Clinical Management of the Microbiome in Irritable Bowel Syndrome

Background A growing body of evidence suggests that dysbiosis contributes to the onset and symptomatology of irritable bowel syndrome (IBS) and other functional bowel disorders. Changes to the gastrointestinal microbiome may contribute to the underlying pathophysiology of IBS. Methods The present review summarizes the potential effects of microbiome changes on GI transit, intestinal barrier function, immune dysregulation and inflammation, gut–brain interactions and neuropsychiatric function.

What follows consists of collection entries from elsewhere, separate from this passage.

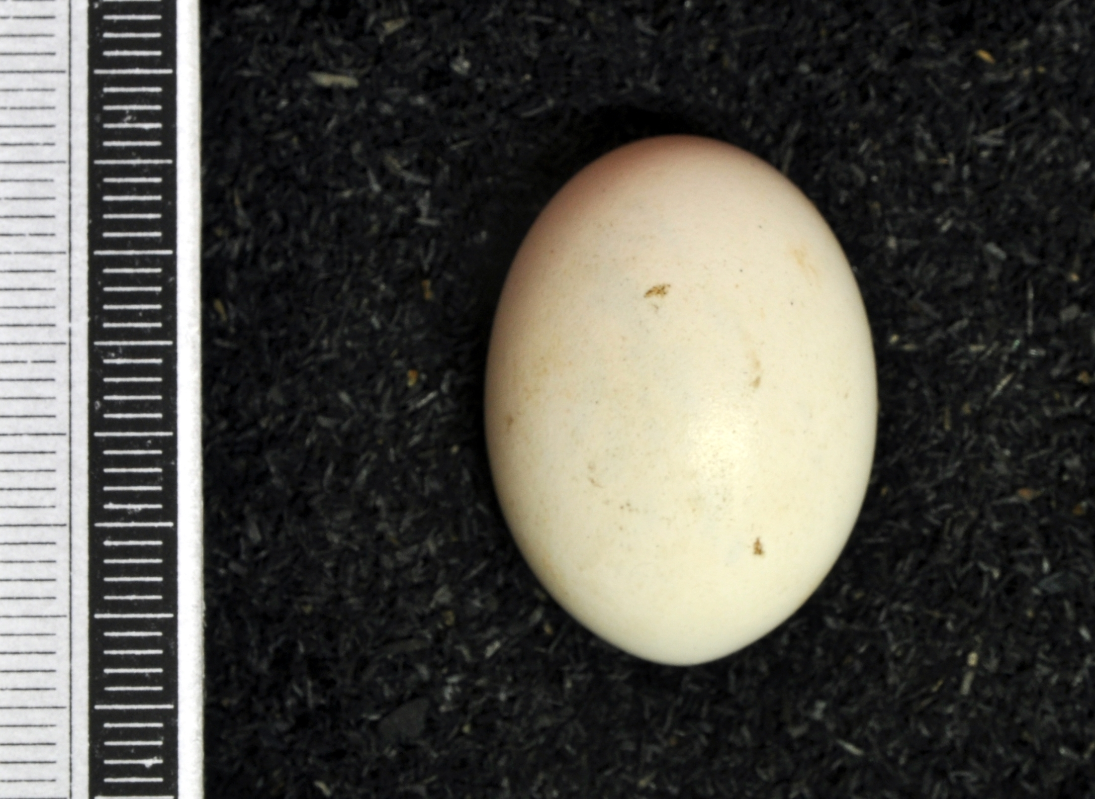 Ring-necked dove Streptopelia capicola , egg, Coll. Museum Wiesbaden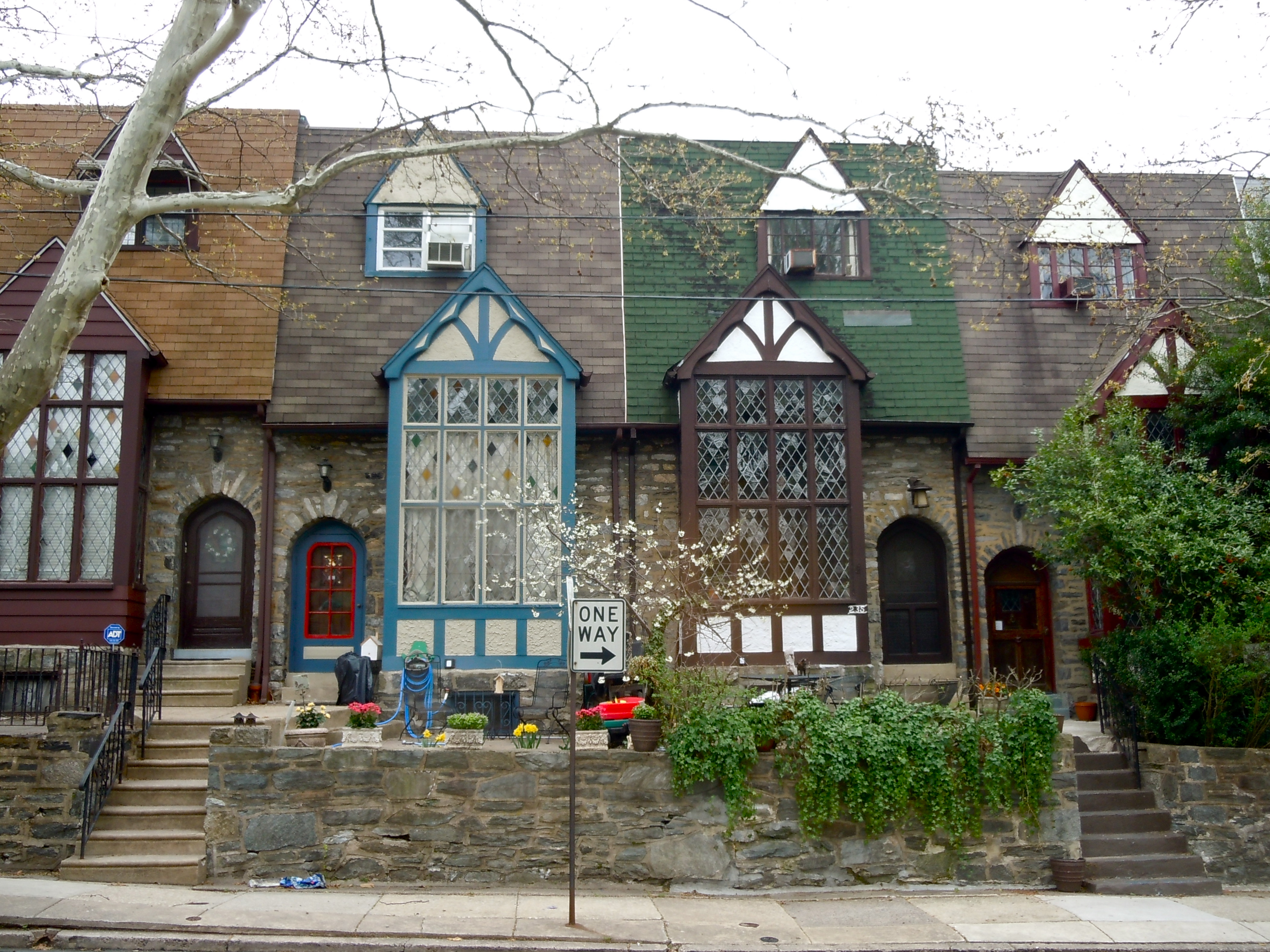 Striking row houses in Upper Darby, Pennsylvania - 200 block of Richfield Road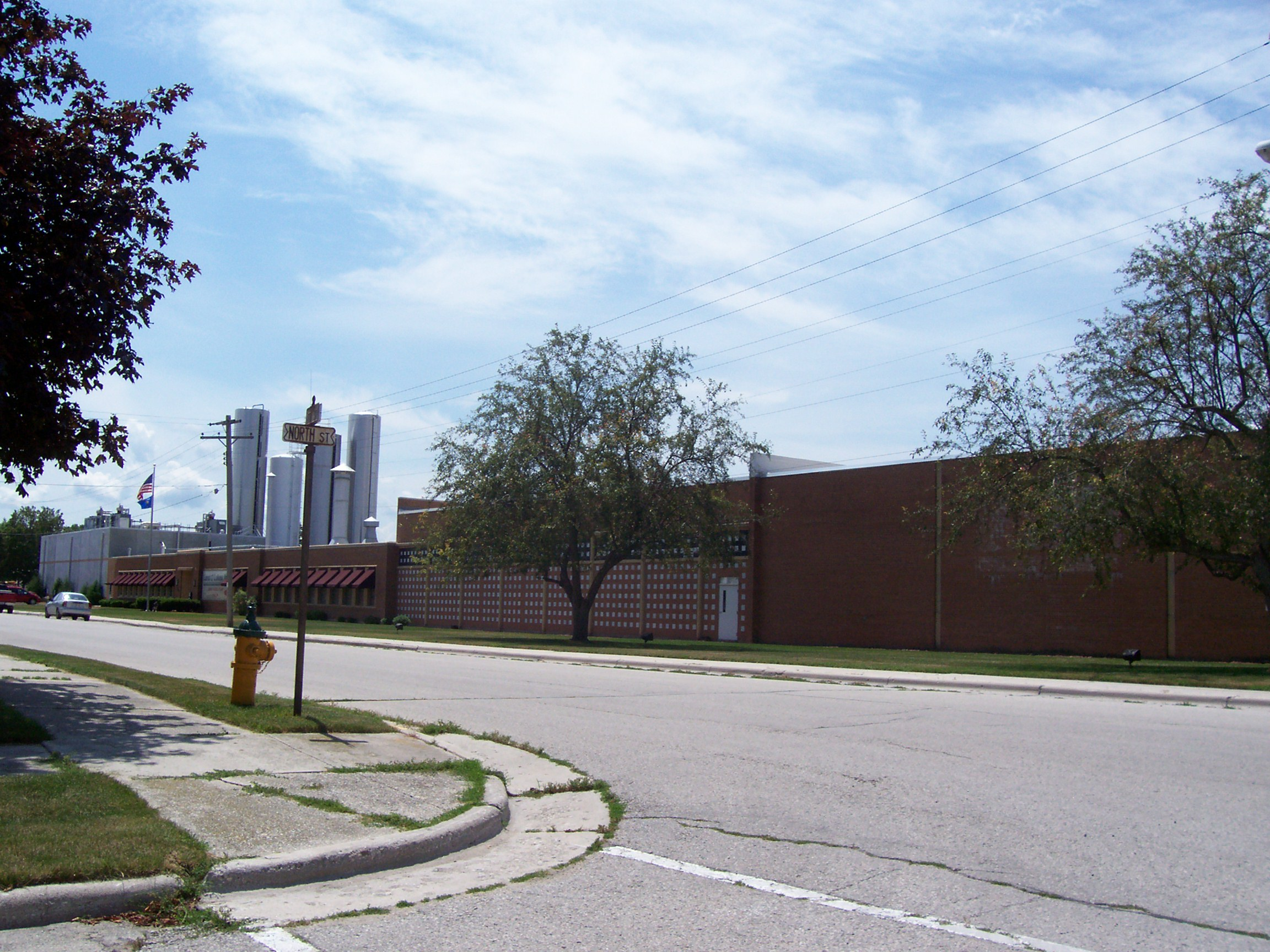 Lake O'Lakes milk processing plant in Kiel, Wisconsin, USA, taken July 22 en:2006 by myself.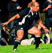 Ex captain of the famous world champion New Zealand All Blacks now playing for Oxford blocks the way against a B.C. Selects runner near the line...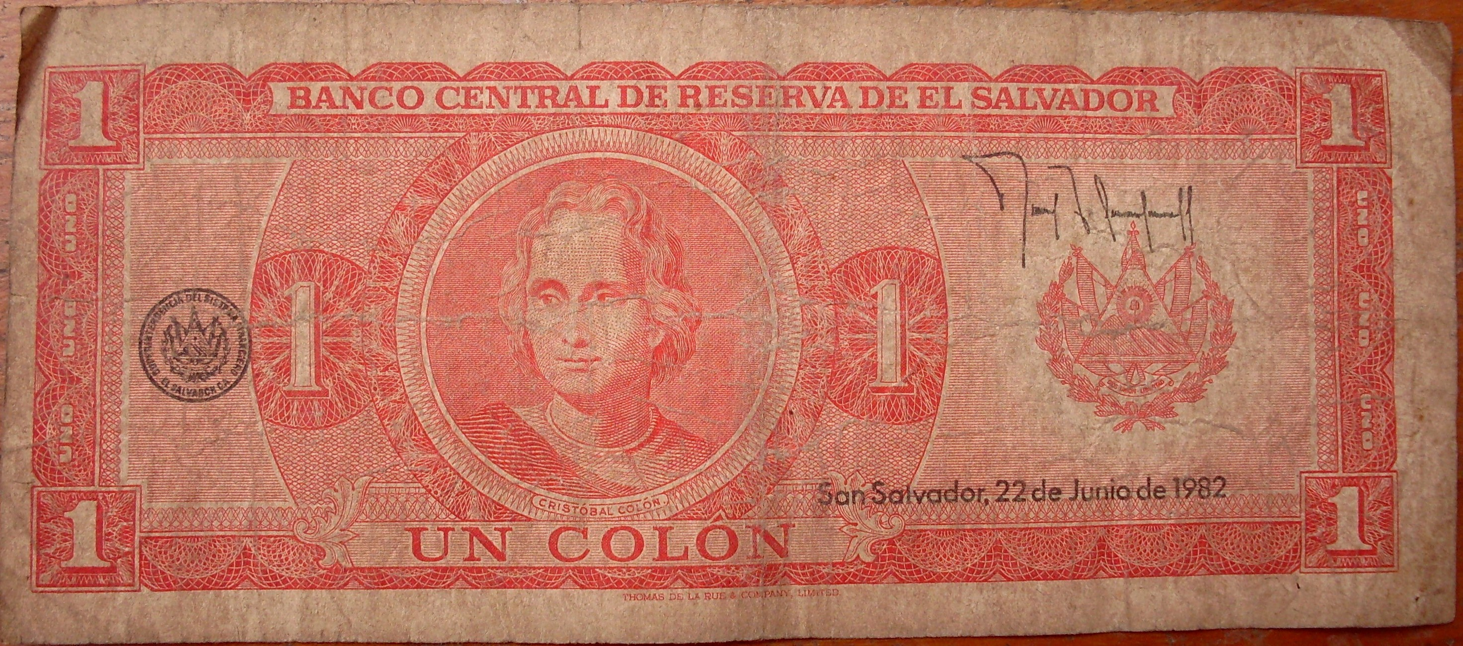 One colon bill from El Salvador.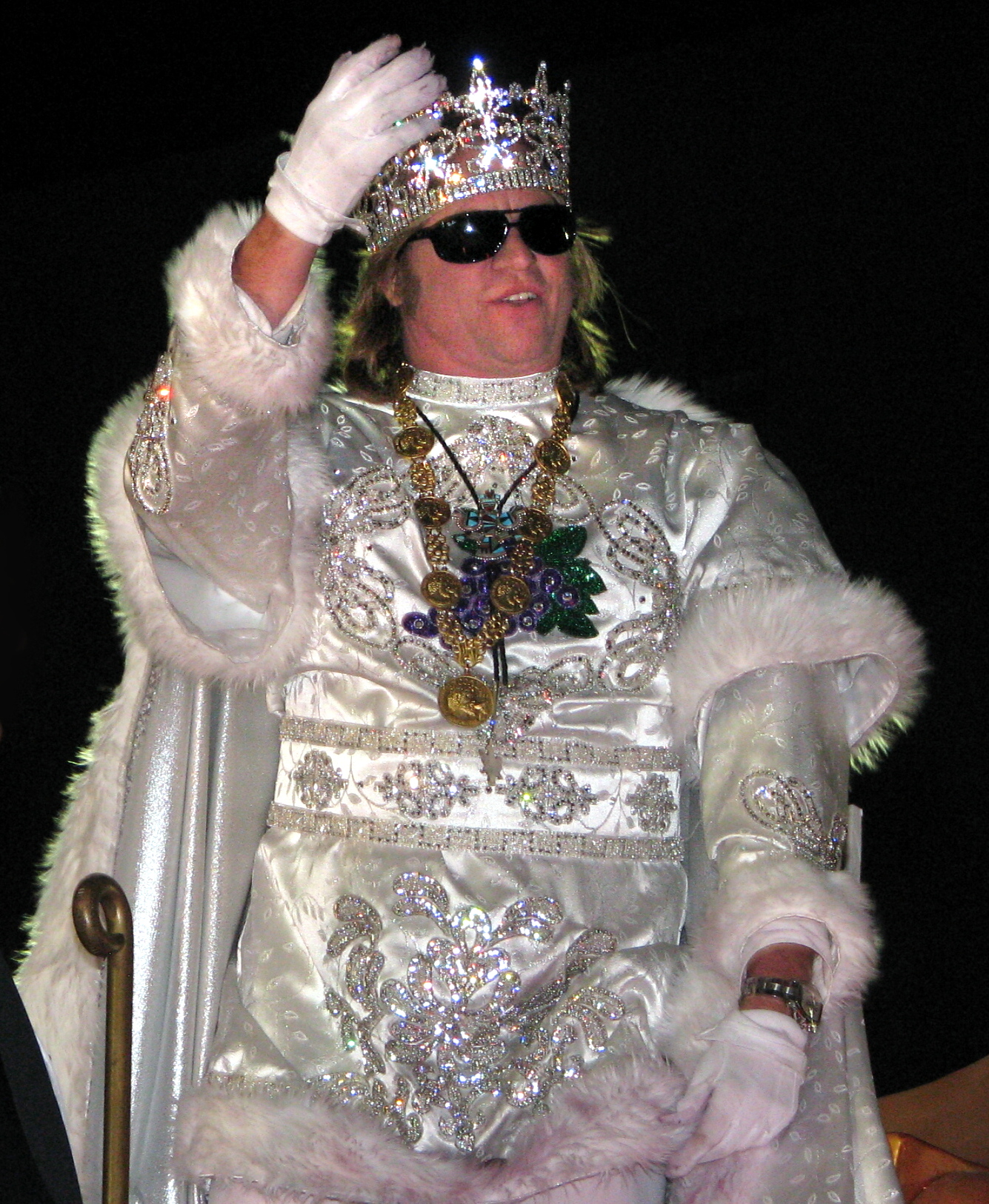 Actor Val Kilmer reigning as King of the Bacchus Parade, Sunday before Mardi Gras Day, New Orleans.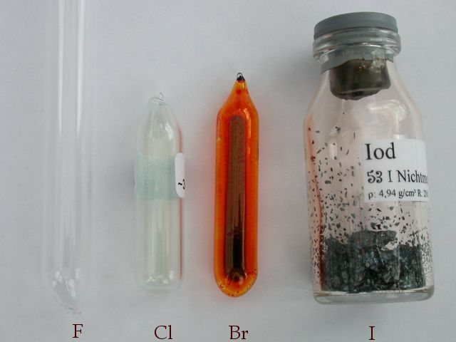 Assortment of halogene group elements.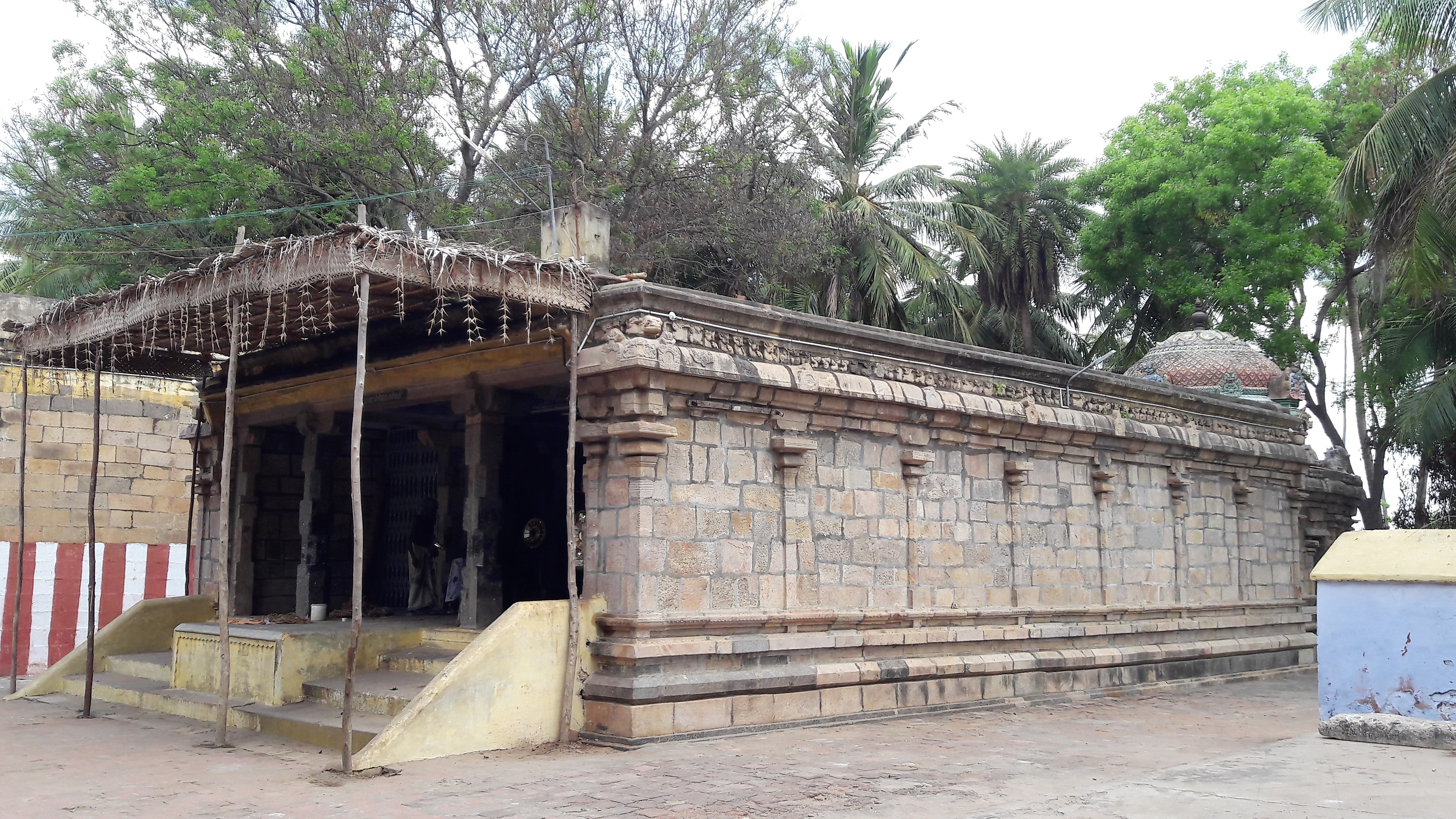 Neyyadiyappar temple Thillaistanam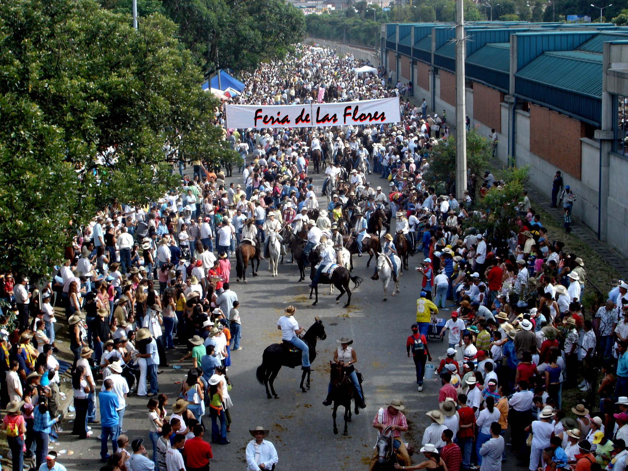 Image taken by uploader an edited on October 2006 cabalgata de la Feria de las Flores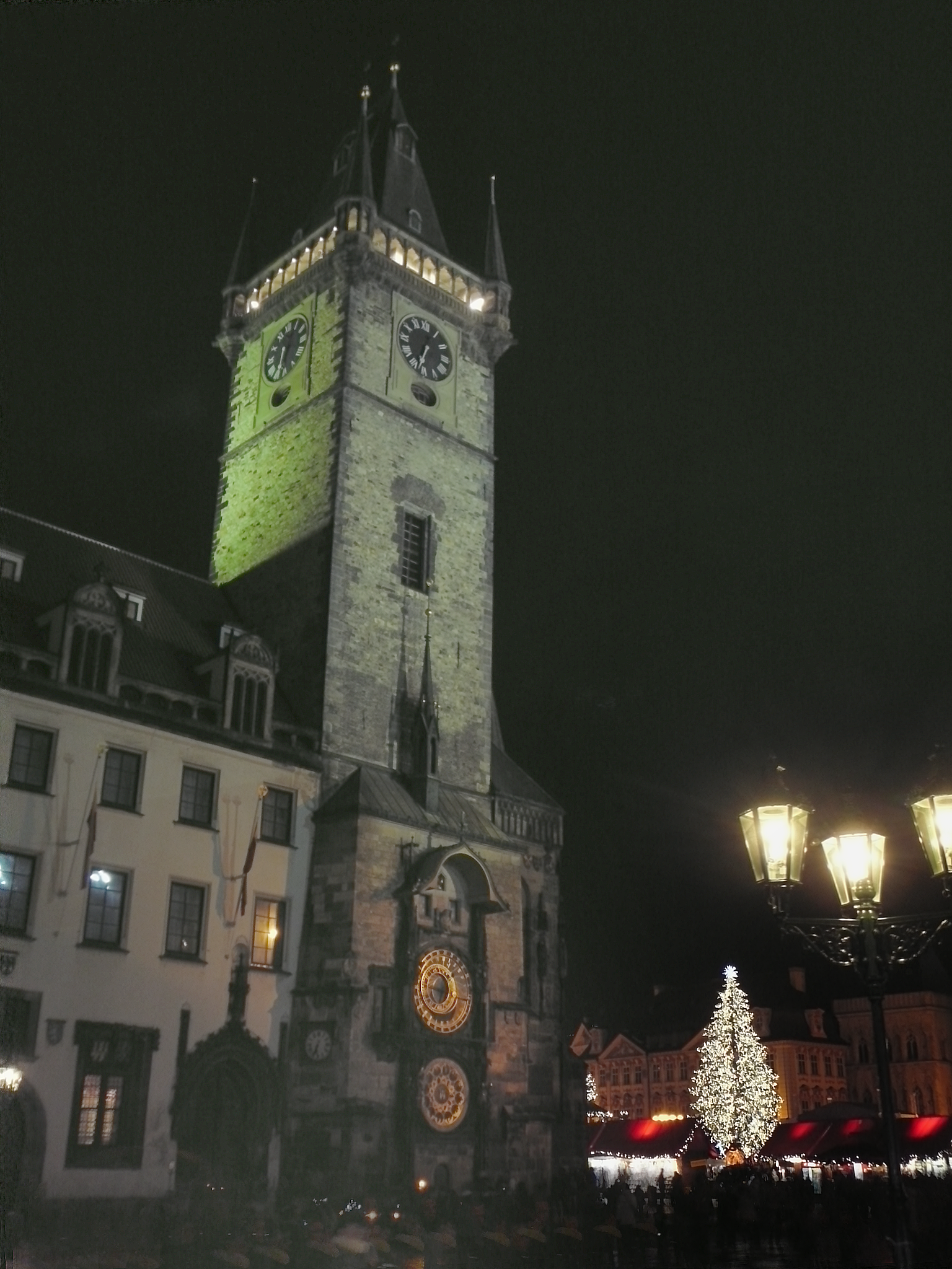 Prague Astronomical Clock. Registrated from several pictures without tripod and processed with GIMP: gamma changed in parts of the picture, unsharp masked.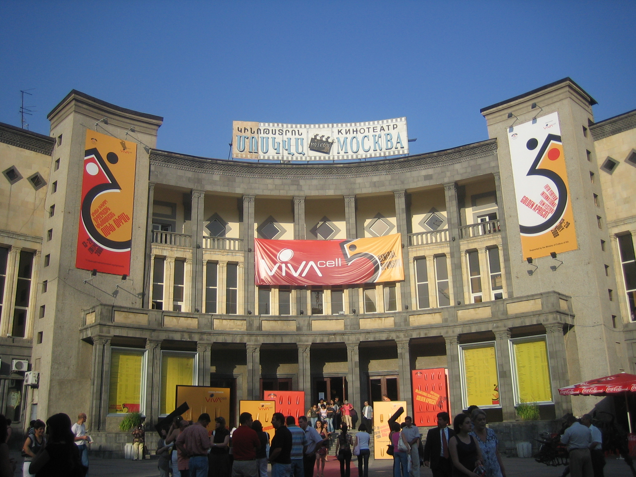 Moskva theater in Yerevan, Armenia, during the Golden Apricot International Film Festival.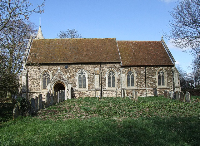 St. Mary's Potsgrove - southern side A side view, from the south, of this lovely little church in the very quiet village of Potsgrove. The view from the west can be seen here 370576 Information on the church and village here

Results A multimodal approach to IBS management is recommended in accordance with current Canadian guidelines. Pharmacologic treatments are advised to target the presumed underlying pathophysiological mechanism, such as dysregulation of GI transit, peristalsis, intestinal barrier function and pain signalling. The management plan for IBS may also include treatments directed at dysbiosis, including dietary modification and use of probiotics, which may promote the growth of beneficial bacteria, affect intestinal gas production and modulate the immune response; and the administration of periodic short courses of a nonsystemic antibiotic such as rifaximin, which may re-establish microbiota diversity and improve IBS symptoms. Conclusion Dysregulated host–microbiome interactions are complex and the use of microbiome-directed therapies will necessarily be empiric in individual patients. A management algorithm comprising microbiome- and nonmicrobiome-directed therapies is proposed.